### ASSIGNED TASK
An exact copy of the lines of the listing below between the "침대 옆 탁자 * 1" line and the "Полукомбинезон прямого покроя, с" line, both included, is the whole answer; please omit the pictures.

### RECORD EXTRACTS
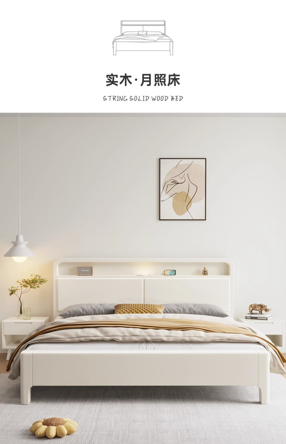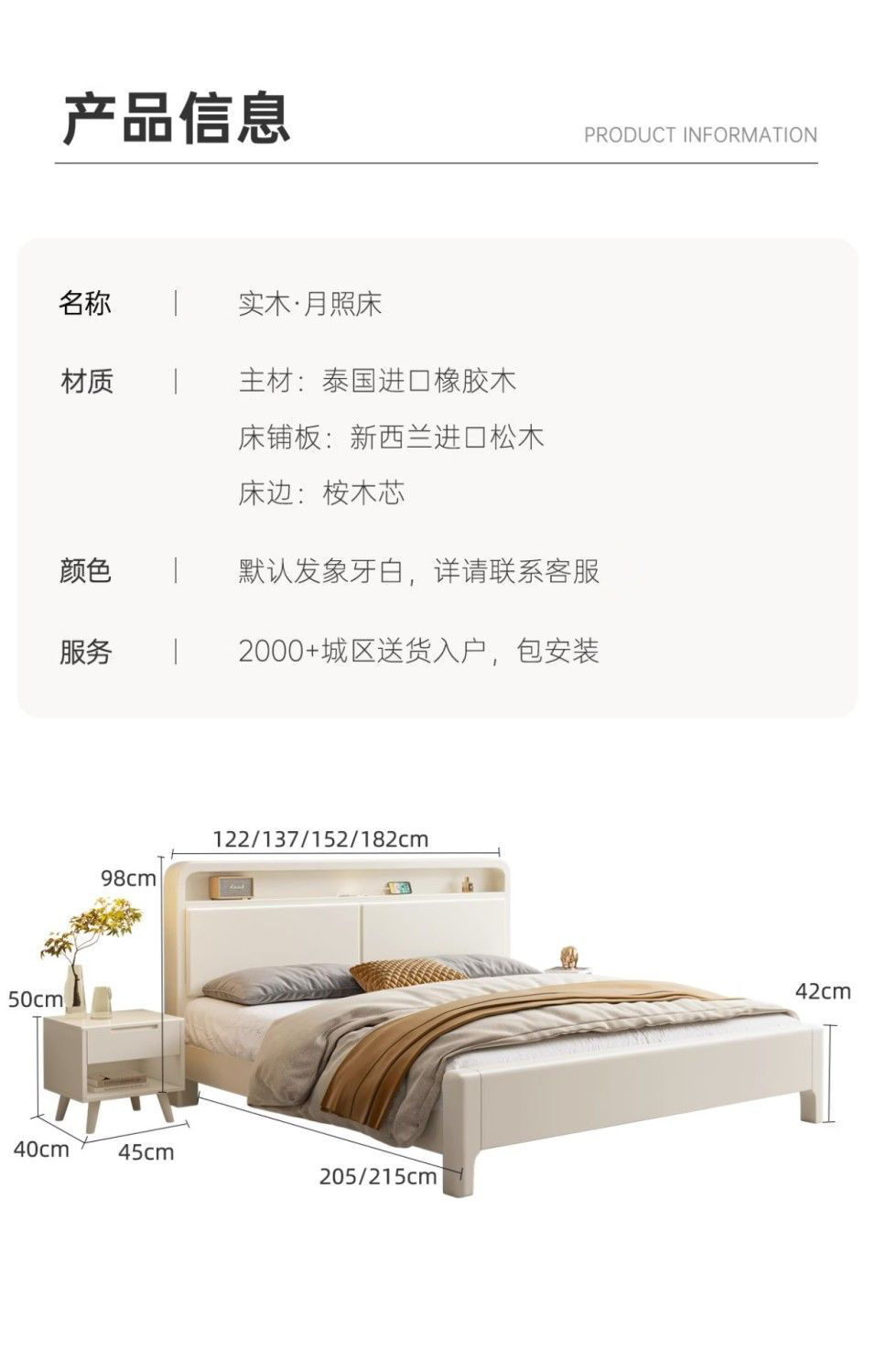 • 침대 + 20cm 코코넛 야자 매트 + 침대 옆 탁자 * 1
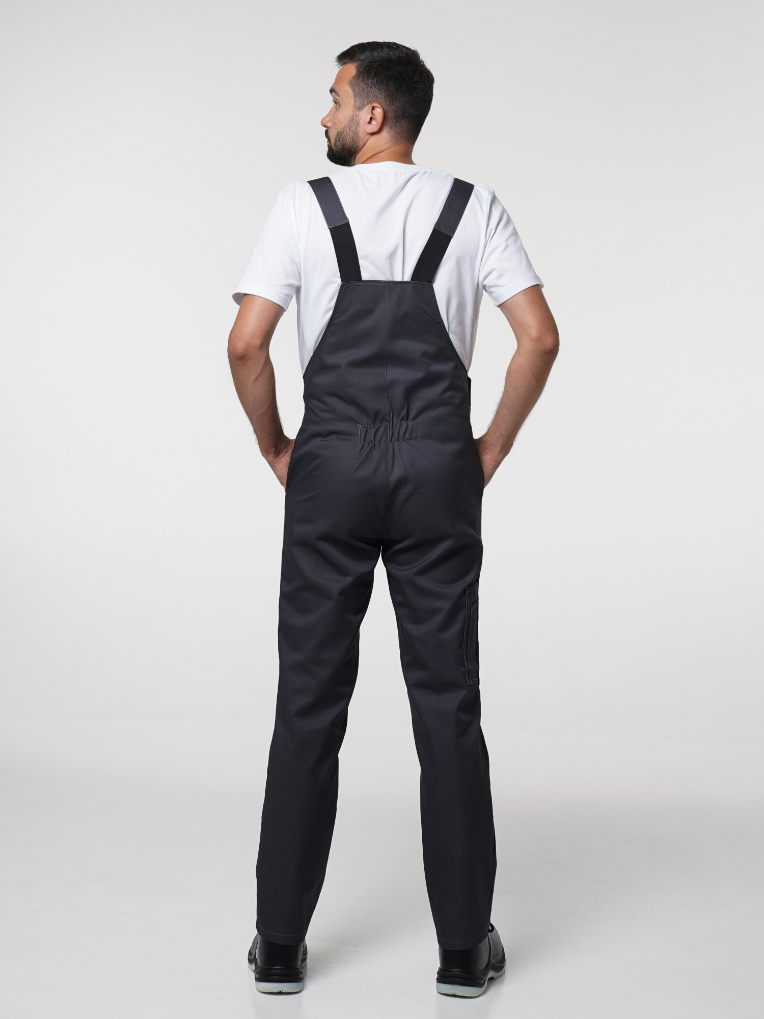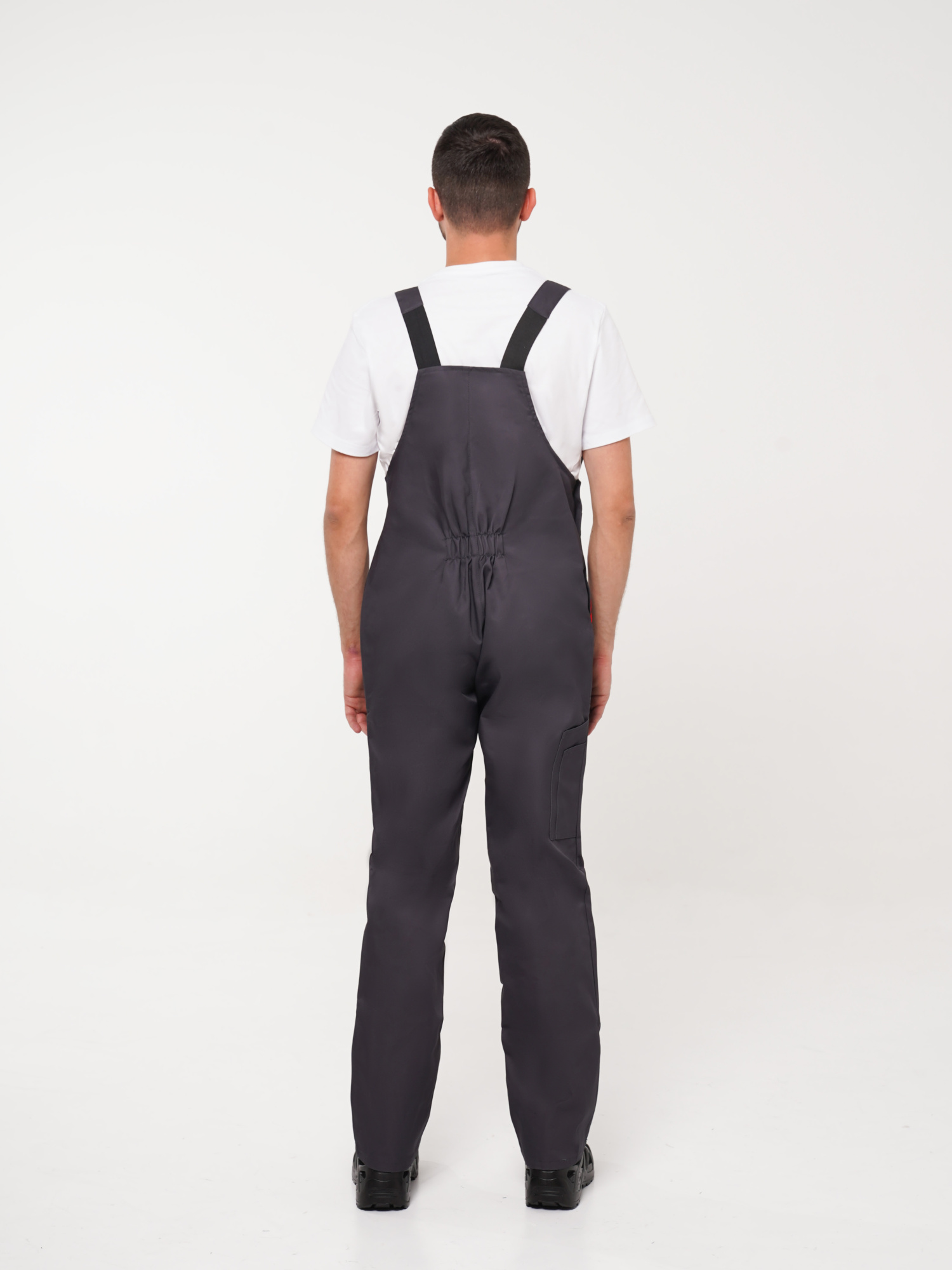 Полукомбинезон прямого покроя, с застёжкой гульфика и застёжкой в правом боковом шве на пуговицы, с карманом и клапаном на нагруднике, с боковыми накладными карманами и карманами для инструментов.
--
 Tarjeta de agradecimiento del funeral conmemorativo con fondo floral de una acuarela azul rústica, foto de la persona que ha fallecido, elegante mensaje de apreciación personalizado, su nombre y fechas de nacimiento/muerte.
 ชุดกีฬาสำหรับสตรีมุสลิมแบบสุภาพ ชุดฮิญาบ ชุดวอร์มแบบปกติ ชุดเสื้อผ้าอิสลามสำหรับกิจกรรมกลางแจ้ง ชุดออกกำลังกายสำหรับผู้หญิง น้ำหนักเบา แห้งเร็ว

### SOLUTION
 • 침대 + 20cm 코코넛 야자 매트 + 침대 옆 탁자 * 1
 Полукомбинезон прямого покроя, с застёжкой гульфика и застёжкой в правом боковом шве на пуговицы, с карманом и клапаном на нагруднике, с боковыми накладными карманами и карманами для инструментов.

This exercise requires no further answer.